Of course, you don't want to give up anything.  You're a CFO, you want numbers.  This is going to go on a budget sheet and be locked away in a cabinet somewhere and, well, forgotten.  You demand these numbers.  But... did you ever really get these numbers in the first place?  How much do you value wildly inaccurate guesses?   Why is it so critical to write down a number that you're willing to do it at the worst possible point in the project?  Wouldn't you rather have more control of the number going forward?

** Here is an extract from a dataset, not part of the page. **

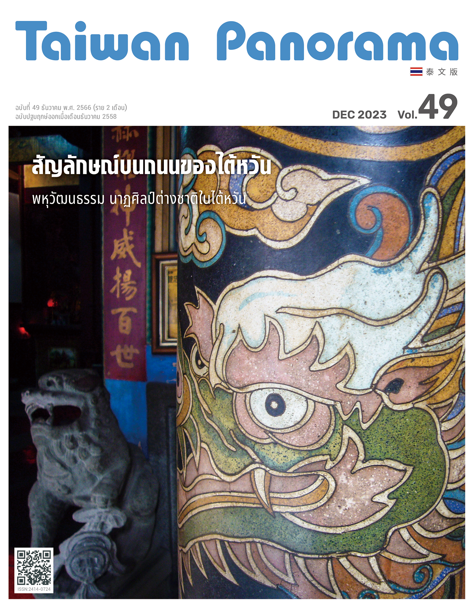นิตยสาร “ไต้หวันพาโนรามา” ภาษาอาเซียนฉบับที่ 49 (เดือนธันวาคม พ.ศ. 2566) รายงานในหัวข้อหลัก “สัญลักษณ์บนท้องถนนของไต้หวัน” แบ่งออกเป็น 4 บทความคือ ทิวทัศน์ที่ซ่อนอยู่ในตรอกซอกซอย ขอคารวะต่อความมีอิสรเสรีของเหล่าเหล็กดัดหน้าต่าง, เสียงจอแจของฝูงชน ภูมิทัศน์ป้ายร้านค้าสไตล์ไต้หวัน, หินขัด งานก่อสร้างธรรมดาและไม่ธรรมดา รังสรรค์สถาปัตยกรรมด้วยเศษหินและปูนซีเมนต์ และกระเบื้องแผ่นเล็กกับประวัติอันยิ่งใหญ่ ไปฟังสถาปนิกญี่ปุ่นเล่าเรื่องกระเบื้องเคลือบในไต้หวัน จากการเปลี่ยนแปลงของวัสดุก่อสร้างที่มีความแตกต่างกัน 4 ประเภท ได้แก่ เหล็กดัดหน้าต่าง ป้ายร้านค้า หินขัด และแผ่นกระเบื้อง แสดงให้เห็นถึงภาพบรรยากาศของท้องถนนไต้หวันในยุคสมัยต่าง ๆ กับร่องรอยเบาะแสทางวัฒนธรรม

It requires a change in how you want to handle those numbers.  We can't tell you with certainty that you're going to need to give us $1.6M for an 8-month project.  What we can tell you with certainty is that, if you can allocate $200K per month as a budget, we can begin work immediately.  With each passing month (hell, with each passing week) you'll have more information presented to you about the status of the project.  We could get $200K into it and realize it's going to be a lot more, or even a lot less.  You'll have feedback much sooner and can adjust and steer accordingly.

This begins to touch upon the second item above.  The lack of an end game for the system.  Now our budget is periodic, not absolute.  You can adjust it at will, even cut it entirely, and the team will respond accordingly.  Want to cut it down to $100K per month?  No problem.  You'll get half the velocity out of the team.  It's not the end of the world (though it could mean the end of a job for team members, so standard turnaround cautions apply), it just means that you're turning down a knob somewhere to get less throughput from an ongoing process.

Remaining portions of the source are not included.